#openstack-meeting log

16:00:05 <slaweq_> #startmeeting neutron_ci
16:00:06 <openstack> Meeting started Tue Sep  4 16:00:05 2018 UTC and is due to finish in 60 minutes.  The chair is slaweq_. Information about MeetBot at http://wiki.debian.org/MeetBot.
16:00:08 <openstack> Useful Commands: #action #agreed #help #info #idea #link #topic #startvote.
16:00:09 <slaweq_> hi
16:00:11 <openstack> The meeting name has been set to 'neutron_ci'
16:00:11 <mlavalle> o/
16:00:14 <haleyb> hi
16:00:25 <njohnston> o/
16:00:49 <slaweq_> ok, let's start
16:00:55 <slaweq_> #topic Actions from previous meetings
16:01:10 <slaweq_> mlavalle to check another cases of failing neutron_tempest_plugin.scenario.test_dns_integration.DNSIntegrationTests.test_server_with_fip test
16:01:15 <mlavalle> I did
16:01:26 <mlavalle> I checked other ocurrences of this bug
16:01:40 <mlavalle> I found that not only happend with the DNS integration job
16:01:47 <mlavalle> but in other jobs as well
16:02:04 <mlavalle> also found that the evidence points to a problem with Nova
16:02:15 <mlavalle> which never rumes the instance
16:02:34 <slaweq_> did You talk with mriedem about that?
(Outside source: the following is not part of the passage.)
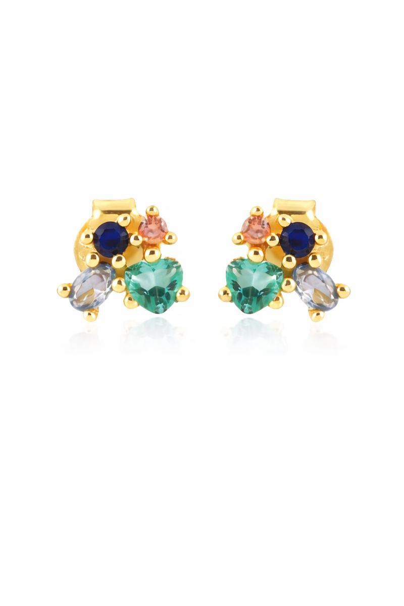Aretes en plata .925 cuentan con piedras de zirconia cúbica redondas y coloridas.

16:02:38 <mlavalle> it seems to me the compute manager is mixing up the events from Neutron and the virt layer
16:02:55 <mlavalle> I pinged mriedem ealier today....
16:03:12 <mlavalle> but he hasn't responded. I assume he is busy and will pong back later
16:03:27 <mlavalle> I will follow up with him
16:03:30 <slaweq_> ok, good that You are on it :)
16:03:32 <slaweq_> thx mlavalle
16:03:52 <slaweq_> #action mlavalle to talk with mriedem about https://bugs.launchpad.net/neutron/+bug/1788006
16:03:52 <openstack> Launchpad bug 1788006 in neutron "Tests fail with "Server [UUID] failed to reach ACTIVE status and task state "None" within the required time ([INTEGER] s). Current status: BUILD. Current task state: spawning."" [Critical,Confirmed] - Assigned to Miguel Lavalle (minsel)
16:04:12 <slaweq_> I added action just to not forget it next time :)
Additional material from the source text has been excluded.